◆ EXERCISE DESCRIPTION:
Print only the lines below from the one with "随后,大家一同参观了垃圾分类" to the one with "ブラウン サイズ:不明の古着・服飾アイテム 袖口裏毛羽立ち、ヨゴレ有", both included, exactly as they stand. Leave pictures out.

◆ GIVEN RECORDS:
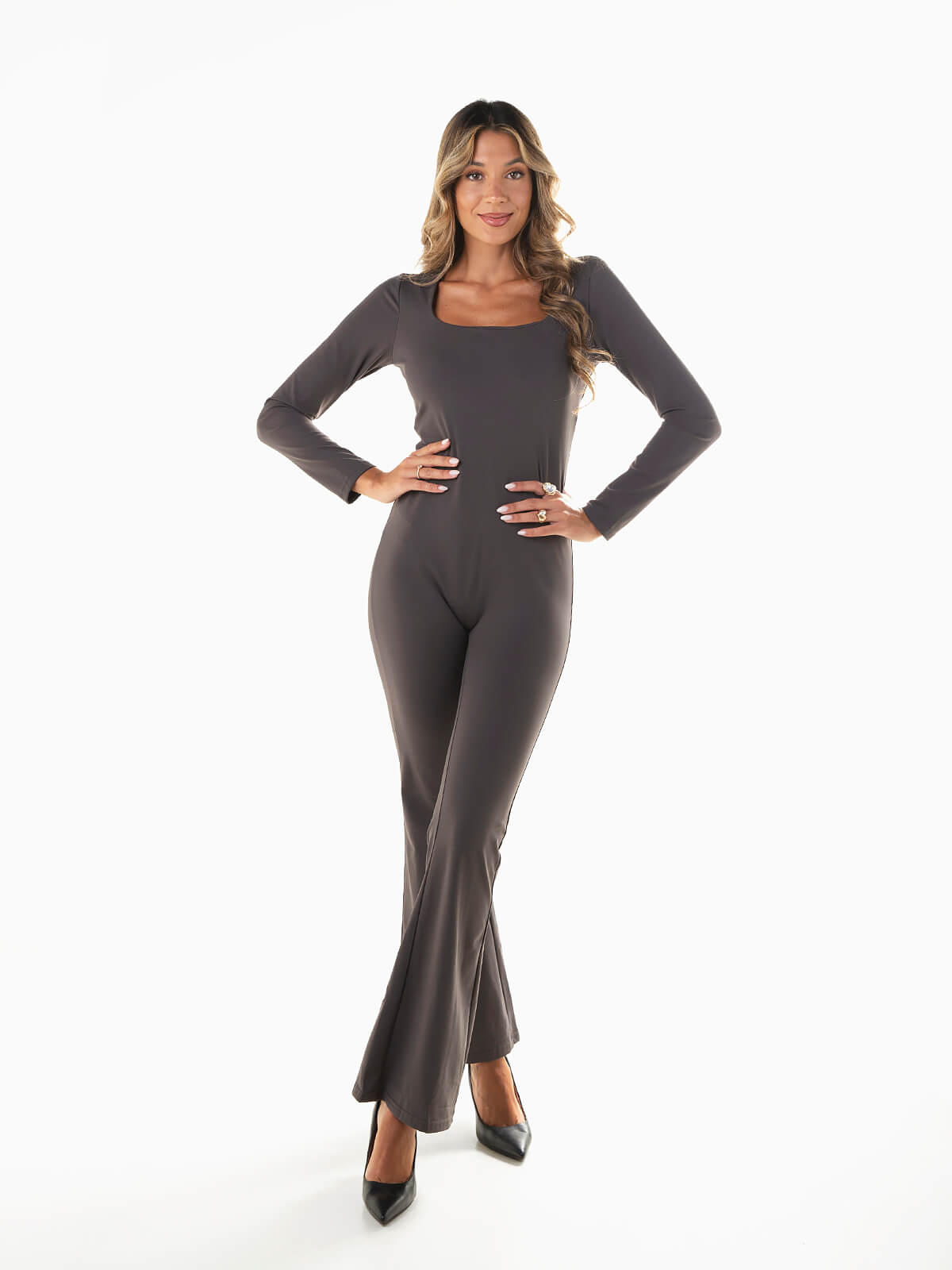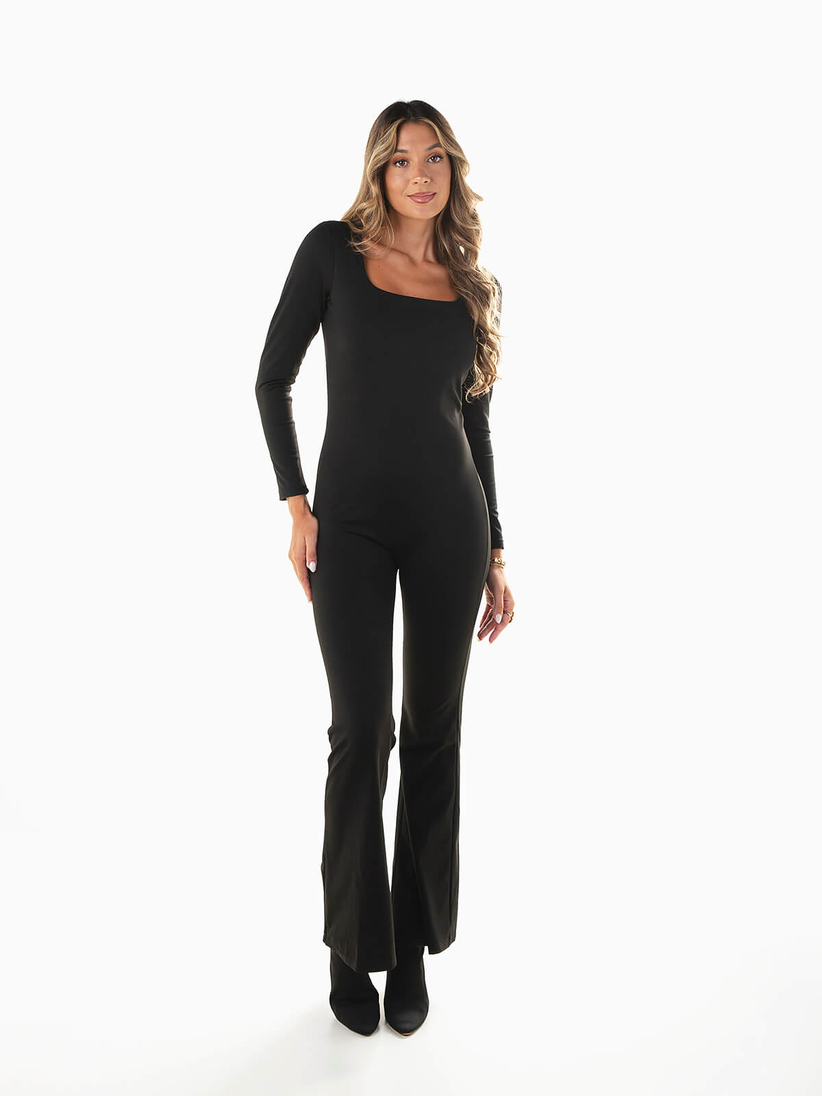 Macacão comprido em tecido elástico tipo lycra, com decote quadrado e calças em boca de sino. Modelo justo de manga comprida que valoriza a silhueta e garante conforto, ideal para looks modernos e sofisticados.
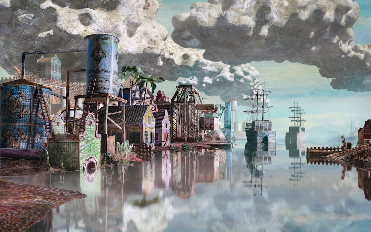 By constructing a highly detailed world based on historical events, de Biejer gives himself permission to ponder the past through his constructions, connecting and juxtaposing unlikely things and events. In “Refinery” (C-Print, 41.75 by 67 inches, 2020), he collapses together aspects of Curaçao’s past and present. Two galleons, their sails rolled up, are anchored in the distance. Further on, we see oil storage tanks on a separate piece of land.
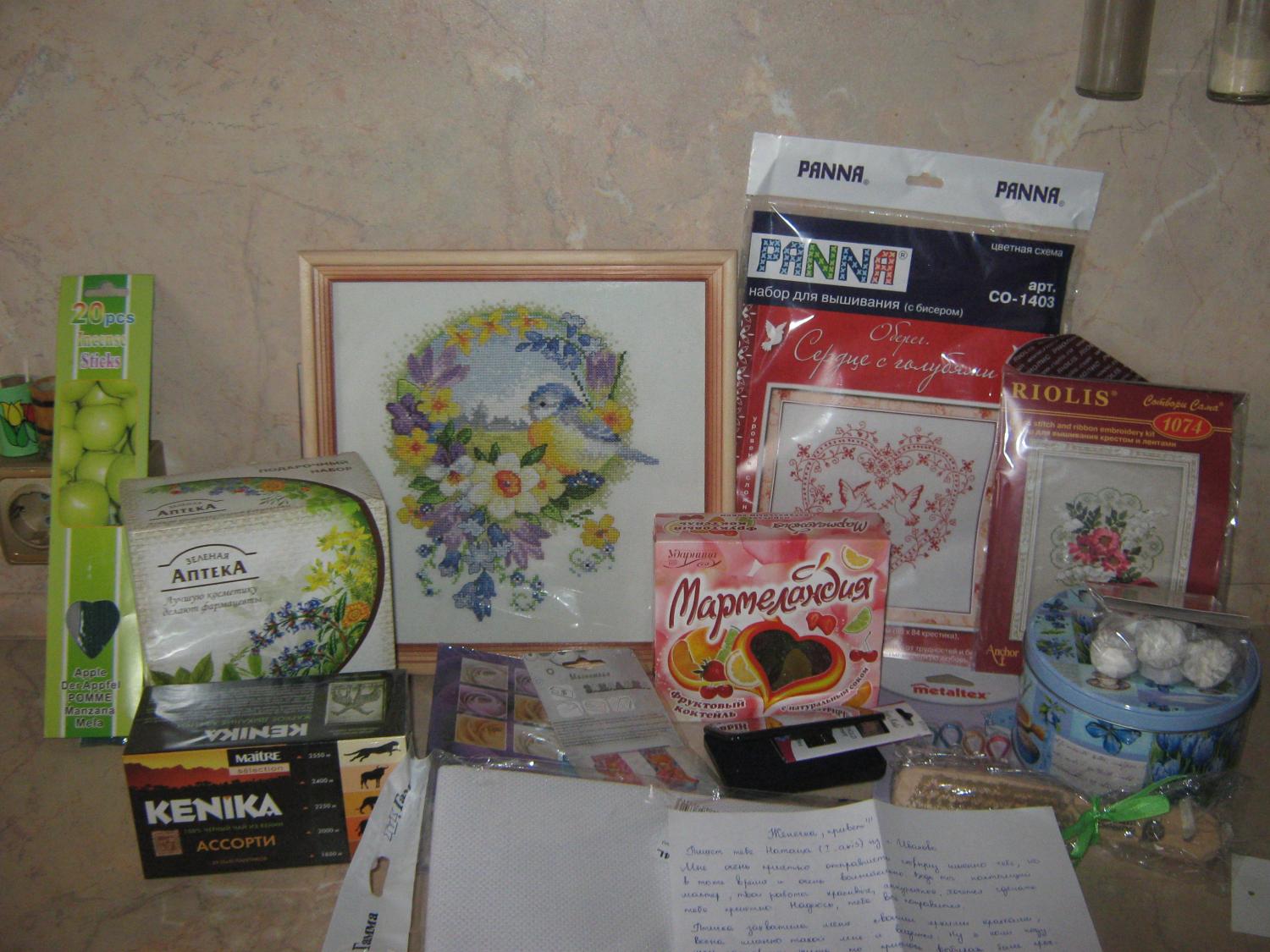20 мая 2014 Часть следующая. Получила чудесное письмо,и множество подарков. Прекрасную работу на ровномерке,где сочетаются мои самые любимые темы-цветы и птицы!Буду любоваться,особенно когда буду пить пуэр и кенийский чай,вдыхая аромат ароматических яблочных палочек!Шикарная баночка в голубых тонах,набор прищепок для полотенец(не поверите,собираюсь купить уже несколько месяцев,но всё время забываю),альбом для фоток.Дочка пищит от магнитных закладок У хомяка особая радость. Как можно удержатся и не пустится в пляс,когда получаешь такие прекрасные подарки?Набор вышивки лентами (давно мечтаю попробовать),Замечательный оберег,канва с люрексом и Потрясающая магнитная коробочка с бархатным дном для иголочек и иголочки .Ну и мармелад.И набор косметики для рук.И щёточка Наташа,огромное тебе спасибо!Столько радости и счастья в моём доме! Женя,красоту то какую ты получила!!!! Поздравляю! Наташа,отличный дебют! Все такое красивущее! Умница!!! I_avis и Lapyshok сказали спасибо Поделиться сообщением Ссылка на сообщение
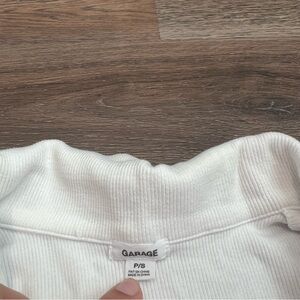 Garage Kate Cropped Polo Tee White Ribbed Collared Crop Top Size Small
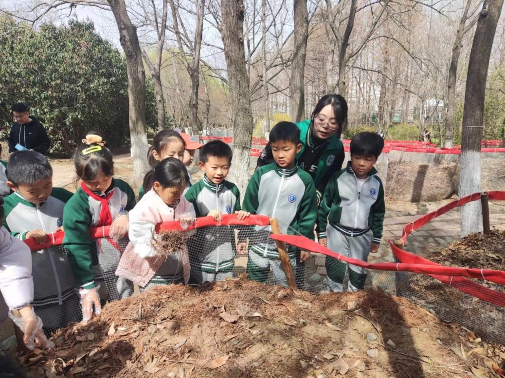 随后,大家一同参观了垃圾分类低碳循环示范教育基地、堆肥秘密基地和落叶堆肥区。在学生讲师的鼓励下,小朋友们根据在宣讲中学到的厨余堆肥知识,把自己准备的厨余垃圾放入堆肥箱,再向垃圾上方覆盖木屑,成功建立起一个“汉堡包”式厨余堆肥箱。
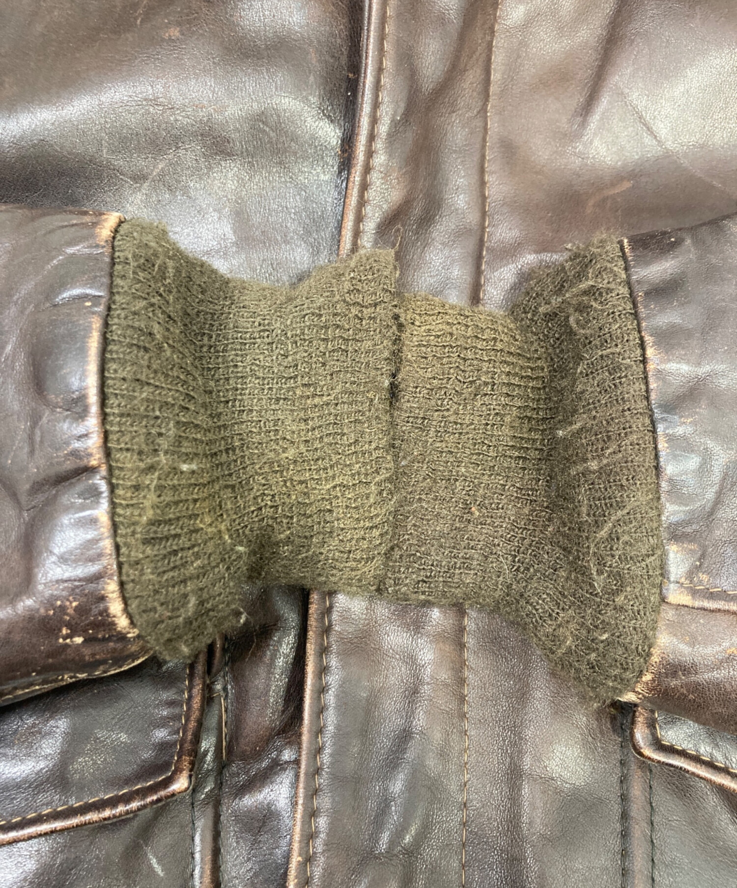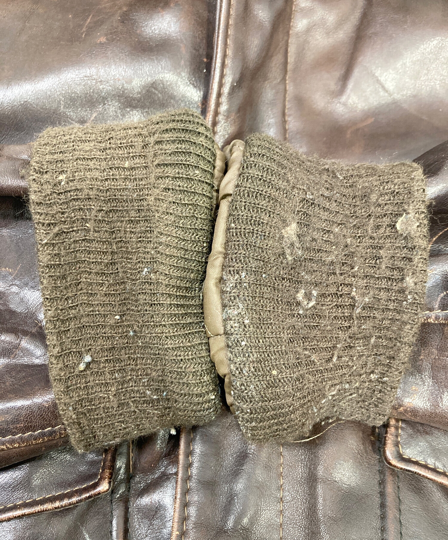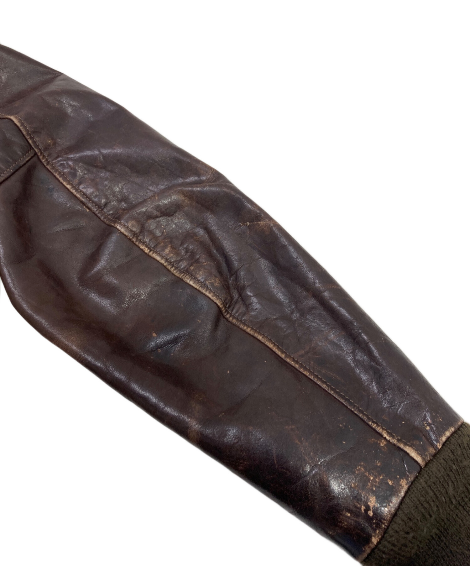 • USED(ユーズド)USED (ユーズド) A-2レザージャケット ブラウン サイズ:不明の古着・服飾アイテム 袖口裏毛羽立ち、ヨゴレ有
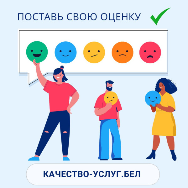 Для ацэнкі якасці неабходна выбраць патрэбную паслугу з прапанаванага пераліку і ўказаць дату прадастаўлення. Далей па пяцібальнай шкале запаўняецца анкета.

◆ RESPONSE TO THIS EXERCISE:
 随后,大家一同参观了垃圾分类低碳循环示范教育基地、堆肥秘密基地和落叶堆肥区。在学生讲师的鼓励下,小朋友们根据在宣讲中学到的厨余堆肥知识,把自己准备的厨余垃圾放入堆肥箱,再向垃圾上方覆盖木屑,成功建立起一个“汉堡包”式厨余堆肥箱。
 • USED(ユーズド)USED (ユーズド) A-2レザージャケット ブラウン サイズ:不明の古着・服飾アイテム 袖口裏毛羽立ち、ヨゴレ有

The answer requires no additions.